Background
The company had grown from a handful of engineers to 50+ without anyone stepping back to think about how deployments actually worked. The result was a patchwork: manual steps living in Confluence, environment scripts that only two people could reliably run, and approval gates that had accumulated over time with nobody sure which ones still served a purpose.
Features sat in staging for days. Competitive velocity was slipping and everyone felt it.
The Challenge
Three problems, each reinforcing the others:
- No pipeline standardisation - 14 microservices each had different deployment scripts, maintained by different teams, with no shared pattern
- Manual gate overload - 6 approval steps between commit and production, most rubber-stamped without review because reviewers lacked the context to evaluate them
- Zero deployment observability - No way to see what version was running in which environment, whether a deployment succeeded, or what changed between releases
Approach
The solution was built in three layers: standardised builds, automated delivery, and integrated observability.
Containerised Build Standard
Every service was migrated to a common Docker build pattern:
FROM node:20-alpine AS builder
WORKDIR /app
COPY package*.json ./
RUN npm ci --only=production
COPY . .
RUN npm run build
FROM node:20-alpine AS runtime
WORKDIR /app
COPY --from=builder /app/dist ./dist
COPY --from=builder /app/node_modules ./node_modules
USER node
EXPOSE 3000
CMD ["node", "dist/index.js"]
Images are tagged with the Git SHA, pushed to Azure Container Registry, and vulnerability-scanned with Trivy before promotion.
Azure DevOps Pipeline Architecture
stages:
- stage: Build
jobs:
- job: BuildAndScan
steps:
- task: Docker@2
displayName: Build image
- script: trivy image --exit-code 1 --severity HIGH,CRITICAL $(imageTag)
displayName: Security scan
- stage: Deploy_Dev
condition: succeeded()
jobs:
- deployment: DeployDev
environment: development
- stage: Deploy_Staging
condition: and(succeeded(), eq(variables['Build.SourceBranch'], 'refs/heads/main'))
jobs:
- deployment: DeployStaging
environment: staging
- stage: Deploy_Production
condition: succeeded()
jobs:
- deployment: DeployProd
environment: production # single approval gate
The key decision was collapsing 6 manual gates into a single production approval — backed by automated quality checks that gave the approver actual signal rather than just a checkbox to click through.
AKS Deployment with Rollback Safety
Deployments use Kubernetes rolling updates with readiness probes.
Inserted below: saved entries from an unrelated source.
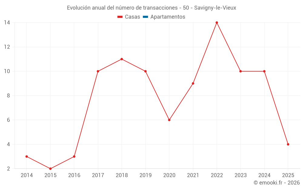 El precio mediano en las 19 transacciones de casas de los últimos 24 meses en la comuna de Savigny-le-Vieux fue de 1 295 € por metro cuadrado para un valor patrimonial medio de 120 000 €. Durante este período el 60% de las transacciones estuvieron entre 854 y 1 853 € por metro cuadrado (del 2º al 8º decil).
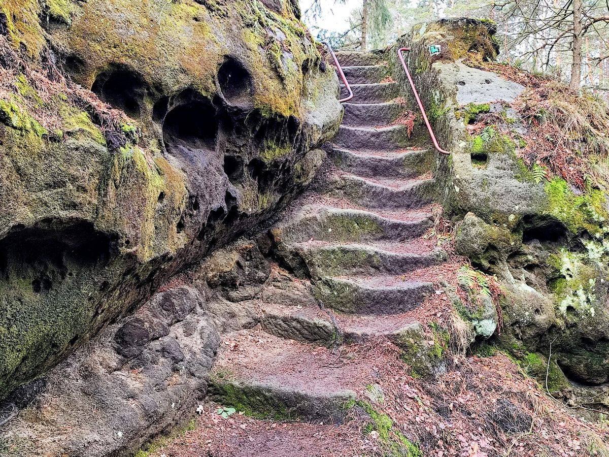 Zapomenutý skalní hrad. Cesta na vrchol vede úzkými tesanými schody, které prověří vaši fyzičku i odvahu
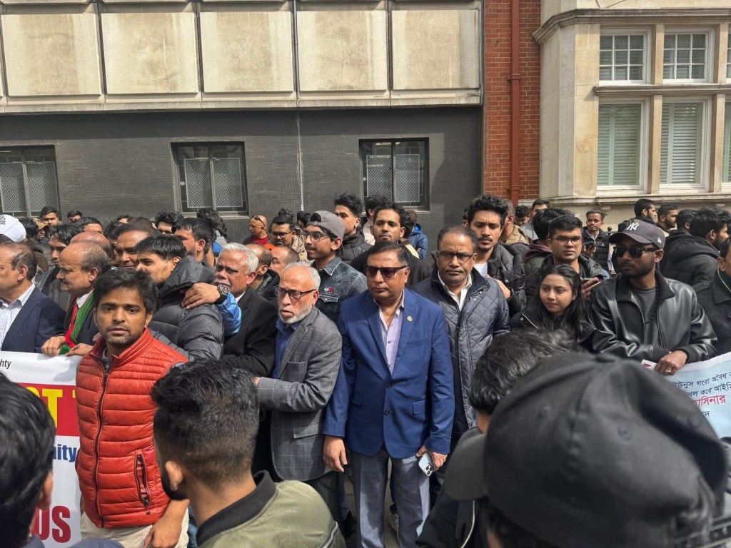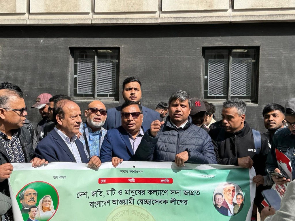 লন্ডন প্রতিনিধি ঃ বর্তমান অন্তর্বর্তীকালীন সরকার কর্তৃক আইসিটি ট্রাইব্যুনালে অসাংবিধানিক, বেআইনী ও প্রহসনমূলক শেখ হাসিনার বিপক্ষে মামলা দায়ের করার প্রতিবাদে লন্ডনস্থ বাংলাদেশ হাইকমিশনের সামনে যুক্তরাজ্য আওয়ামী লীগ কর্তৃক আয়োজিত এক বিশাল বিক্ষোভ সমাবেশ অনুষ্ঠিত হয়।
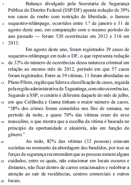 A correção gramatical e o sentido da oração “Em agosto deste ano, foram registrados 39 casos de sequestro-relâmpago em todo o DF” (l.8-9) seriam preservados caso se substituísse a locução verbal “foram registrados” por registrou-se .
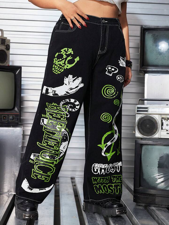 Beetlejuice | ROMWE Jeans de pierna ancha de moda casual de calle con estampado total para talla grande
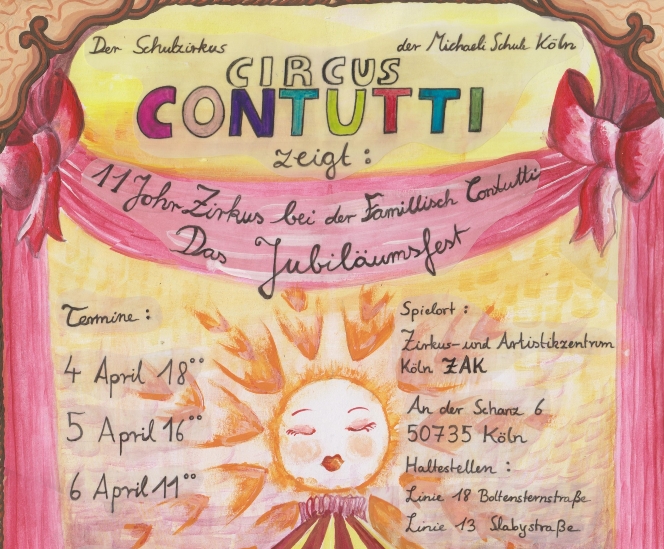 Der Circus Contutti, das sind 85 Schülerinen und Schüler aus dem Klassen 5 bis 11 der Michaeli Schule Köln. Sie bieten in diesem Jahr ein Zirkusspektakel der klassischen Art für die ganze Familie: Die Besucher tauchen ein in die Zirkuswelt hinter und vor den Kulissen und fiebern mit dem Zirkusdirektor Alfonso Contutti, seiner Frau Elisabeth Contutti und dem Rest der Contutti- Familie der hoffentlich pannenfreien Feier des 11. Geburtstags entgegen.
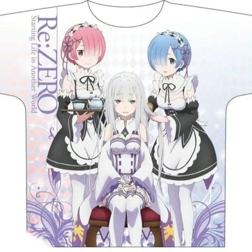 Re: 제로부터 시작하는 이세계 생활 리제로 T셔츠 에밀리아 렘 라무
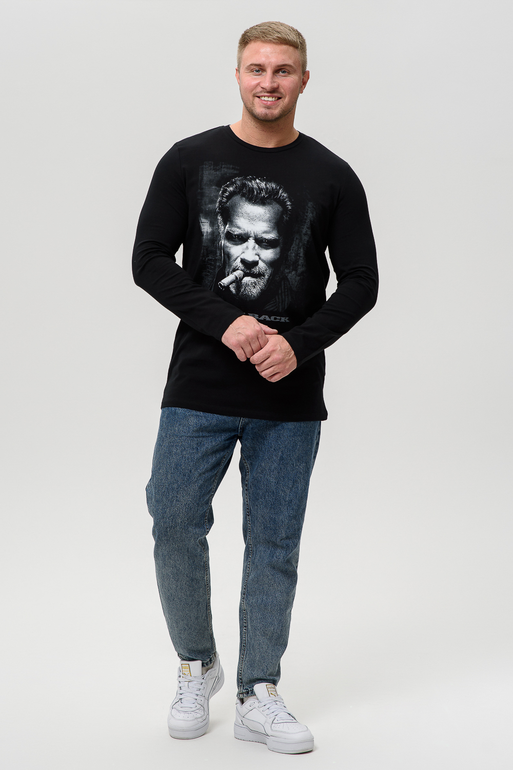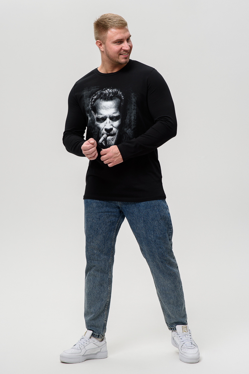 Лонгслив снова в моде и прочно обосновался в базовом гардеробе современного человека. Удобная трикотажная кофта представляет собой футболку с длинным рукавом, которую можно использовать как самостоятельный элемент, так и носить под пиджак, толстовку или рубашку. Лонгслив выполнен из высокоплотного хлопкового трикотажа и является невероятно комфортным и удобным. Футболка с длинными рукавами имеет прямой базовый крой и классическую линию плеча. Лонгслив - это неформальный стиль, когда на футболку можно надеть клетчатую рубашку и сочетать с кедами и джинсами. За счет натуральной ткани лонгслив можно носить в качестве домашней одежды или нательного белья, одежды для сна, тренировочной спортивной одежды и военной экипировки. Если вы хотите силуэт оверсайз нужно взять на размер или два больше, ориентируйтесь по таблице замеров. Цвет: черный+Шварценеггер; Материал: кулирка с лайкрой;кулирка с лайкрой; Состав: 92% хлопок, 8% эластан.
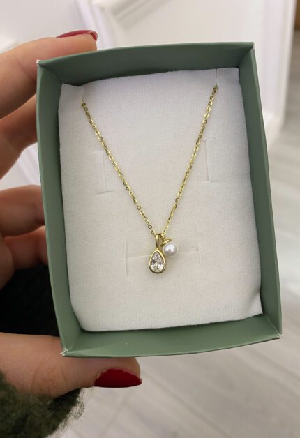 Damla Taşlı İncili Kolye | Gold

If the new pods do not pass health checks within the timeout window, the deployment automatically rolls back.
resource "azurerm_kubernetes_cluster" "main" {
sku_tier = "Standard"
default_node_pool {
name = "system"
vm_size = "Standard_D4s_v3"
enable_auto_scaling = true
min_count = 2
max_count = 10
}
auto_scaler_profile {
balance_similar_node_groups = true
scale_down_delay_after_add = "10m"
}
}
Datadog Observability Integration
Every deployment emits an event to Datadog with the service name, version, environment, and Git SHA. This surfaces as a deployment marker on every metric graph, making it trivial to correlate a metric change with a specific release.
Custom dashboards were built for:
- Deployment frequency per service
- Change failure rate (deployments that triggered an incident within 1 hour)
- Mean time to restore for rollback events
Results
| Metric | Before | After |
|---|---|---|
| Release cycle | 5 days | 90 minutes |
| Manual approval gates | 6 | 1 |
| Rollback time | 2-4 hours | 8 minutes (automated) |
| Deployment visibility | None | Full Datadog trace |
| Failed deployments caught pre-prod | ~40% | 94% |
Within two months of going live, the team went from one release per week to multiple per day. The pipeline didn't just get faster — it removed the reason to batch releases in the first place.